Supporting exploration and collaboration in scientific workflow systems.
Luigi Marini, Rob Kooper, Peter Bajcsy and Jim Myers
AGU, Fall Meeting,
December 10-14, San Francisco, California (2007)
As the amount of observation data captured everyday increases, running scientific workflows
will soon become a fundamental step of scientific inquiry. Current scientific workflow
systems offer ways to link together data, software and computational resources, but often
accomplish this by requiring a deep understanding of the system with a steep learning curve.
Thus, there is a need to lower user adoption barriers for workflow systems and improve the
plug-and-play functionality of these systems.
We created a system that allows the user
to easily create and share workflows, data and algorithms. Our goal of lowering user adoption
barriers is to support discoveries and to provide means for conducting research more efficiently.
Current paradigms for workflow creation focus on the visual programming using a graph based metaphor.
This can be a powerful metaphor in the hands of expert users, but can become daunting when graphs
become large, the steps in the graph include engineering level steps such as loading and visualizing
data, and the users are not very familiar with all the possible tools available.
We present
a different method of workflow creation that co- exists with the standard graph based editors.
The method builds on exploratory interface using a macro- recording style, and focuses on
the data being analyzed during the step by step creation of the workflow.

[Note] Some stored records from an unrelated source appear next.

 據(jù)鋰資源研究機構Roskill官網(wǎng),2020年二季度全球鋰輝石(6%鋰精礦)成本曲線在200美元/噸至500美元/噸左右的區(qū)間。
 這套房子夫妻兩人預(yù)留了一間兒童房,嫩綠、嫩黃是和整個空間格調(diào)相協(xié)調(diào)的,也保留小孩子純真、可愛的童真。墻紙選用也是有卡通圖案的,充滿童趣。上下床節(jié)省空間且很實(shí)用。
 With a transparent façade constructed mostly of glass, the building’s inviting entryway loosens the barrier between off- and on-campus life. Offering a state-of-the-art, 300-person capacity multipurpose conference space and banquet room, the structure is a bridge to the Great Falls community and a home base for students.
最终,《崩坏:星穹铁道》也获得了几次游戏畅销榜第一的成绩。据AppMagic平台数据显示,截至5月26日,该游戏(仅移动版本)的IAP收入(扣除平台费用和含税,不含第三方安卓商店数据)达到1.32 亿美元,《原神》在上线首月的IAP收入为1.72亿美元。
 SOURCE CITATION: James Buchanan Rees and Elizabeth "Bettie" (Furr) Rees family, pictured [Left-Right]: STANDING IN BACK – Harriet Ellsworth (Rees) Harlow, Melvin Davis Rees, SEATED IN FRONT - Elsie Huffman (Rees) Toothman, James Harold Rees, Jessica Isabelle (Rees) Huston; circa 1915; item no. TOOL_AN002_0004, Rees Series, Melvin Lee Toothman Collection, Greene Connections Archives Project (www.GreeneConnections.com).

Instead of storing data in system specific data structures, the use of more flexible open
standards that are platform independent would create systems that are easier to extend and that
provide a simple interface for external applications to query and analyze the data and metadata
produced.
We have explored and implemented a system that stores workflows and related metadata
using the Resource Description Framework (RDF) metadata model and that is build on top of
the Tupelo data and metadata archiving system. The scientific workflow system connects
to shared content repositories, where users can easily share data, workflows, algorithms
and annotations.
Examples of the above methodologies will be illustrated using a prototype
workflow solution called Cyberintegrator and a use case scenario being developed by
the Corpus Christi Bay WATERS Network test bed (a group of collaborating domain scientists
from Texas and Illinois) involving monitoring, predicting and understanding of the hypoxia
problem in Corpus Christi Bay.